My sister was complaining about her mp3 player the other day. She didn't like the randomness of her random function, as it seems to play a few songs too many times and a few songs not at all. I have the same mp3 player, and I think I notice it, too. I think the problem is a couple of things: the size of its playlist buffer and the Gaussian normalization of the distribution. It seems like if you have a list of 100 things and one is picked randomly, each thing has a 1 in 100 chance of being picked. So why does such a simple concept result in an mp3 player that can't pick songs correctly?
Of course it'd be a simple thing for a player to keep track of the last few songs played and not to play them, but it may also depend on the operating system's method of keeping track of files as to how big the list can be. Assuming it can't keep track indefinitely, at some point the buffer is going to overflow and there's a chance a song you've already heard's going to be played. It may be song you've heard before a lot, too. In fact, perhaps the size of the buffer is fixed, so you don't want it to be too big anyway because maybe some person doesn't put that many songs on their mp3 player and it'd just screw up the random function anyway? Or maybe with that in mind, the size of the buffer is set as a certain fraction of the number of songs in the overall list?
Now, if you put it on the "play randomly, but only once" mode, this may be entirely different. If I were to implement it, it'd probably work by flagging each file as it's played and picking one that's not flagged, randomly, for each new song. In short, it wouldn't really depend on a playlist buffer at all, and so, isn't limited by that as far as randomness is concerned. There's a term for this in probability class, and even an equation. But I forget.
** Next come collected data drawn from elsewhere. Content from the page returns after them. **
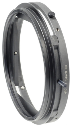
Insert Filterholder 410-05.
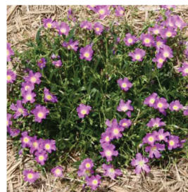
Calandrinia balonensis BROAD-LEAVED PARAKEELYA
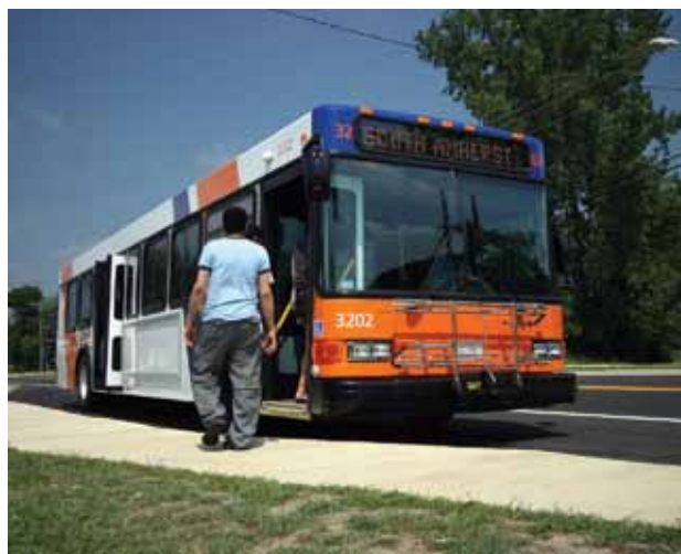
Five College bus.

The Five College transportation system is one of the largest free, private bus systems in the country and has received national recognition for sustainability. The extensive five-campus transit system, most of which is
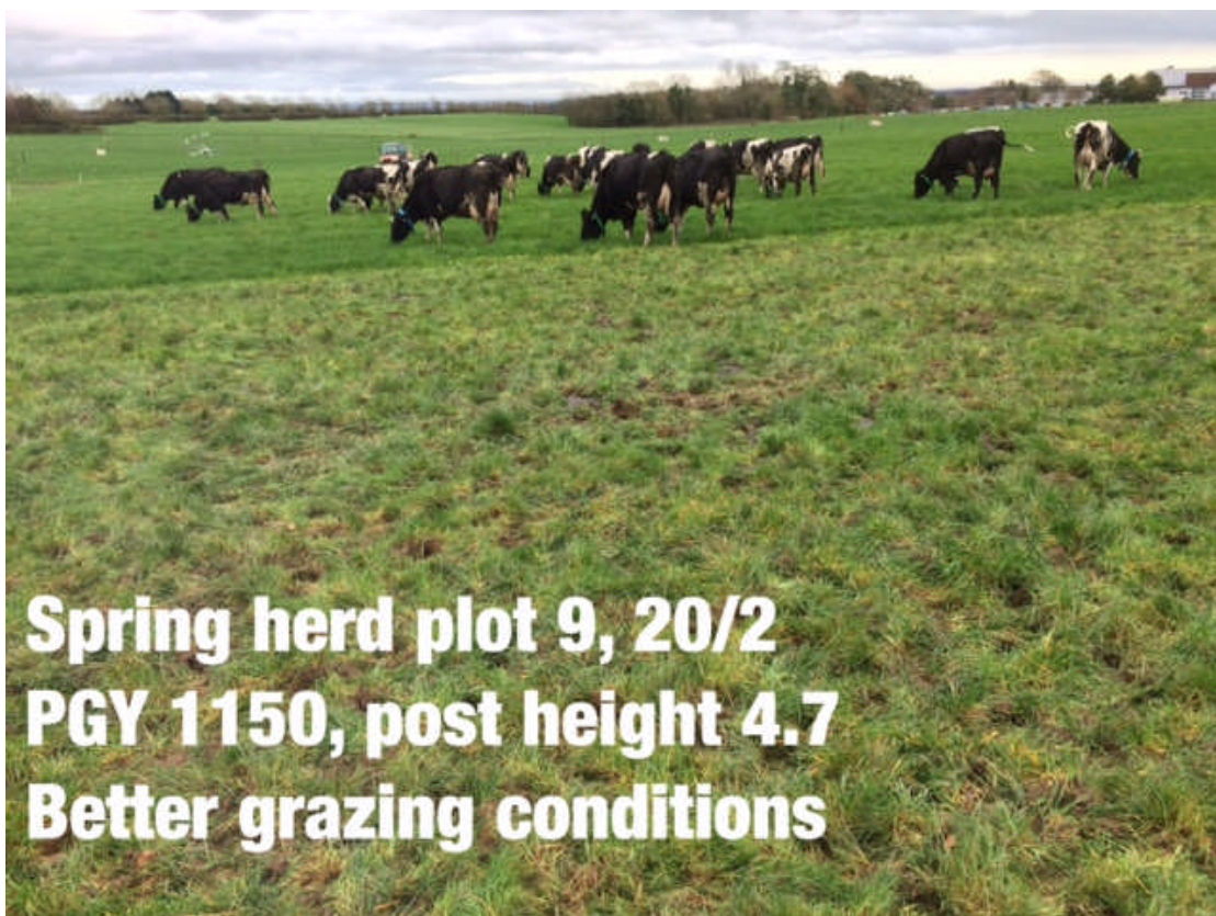
Spring herd plot 9, 20/2 PGY 1150, post height 4.7 Better grazing conditions
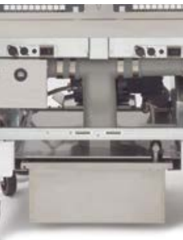
Automatic Intermittent Filtration
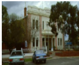
1 jeparit hall chambers ac2 august00
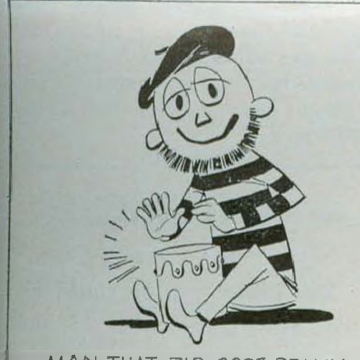
MAN THAT ZIP CODE REALLY SENDS ME ...

It's been a long time since I've taken any statistics classes, but one thing I vaguely remember is convolution. Actually, 'vaguely' isn't the right word. 'Poorly' is a better one. One interesting/pertinent thing about convolution, though, is that given any type of distribution (such as our evenly distributed 1 in 100 one above), if you convolve (the verb form of convolution) it with itself enough, it becomes a Guassian distribution: normalized. What this means is that there are going to be some on one end that are played few or no times, a lot toward the middle that are played an average number of times, and some toward the other end that are played a whole lot. A playlist buffer might counteract it initially, but eventually, it becomes useless as far as desired randomness is concerned. I believe this concept is "randomness with reseeding", which forms the basis for the normalization of any distribution convolved with itself enough.
Sometime before my "hard core" statistics class, I took a physics class on optics. The professor showed us this one demonstration where photons were separated using grates, each grate having an equal chance of being the one the photon went through. The professor said that in the original experiment, one photon, passing through the grate, would strike some photon-sensitive backing opposite the grate, making a mark to show where it landed. So with that in mind, what did we, as the classs, think the resulting backing would look like over time as more and more photons hit it?
As it turns out, there was a big clump in the center, and corresponding but smaller clumps to either side of the big one, and so on, further out, in a line. The professor said it was interesting, but didn't really elaborate on why it looked that way. It wasn't until I took my statistics class that I put two and two together. Well, that is to say, I'm pretty sure that's why it looked like that. Just like I'm pretty sure that that's why mp3 player "random repeat" functions can sometimes suck.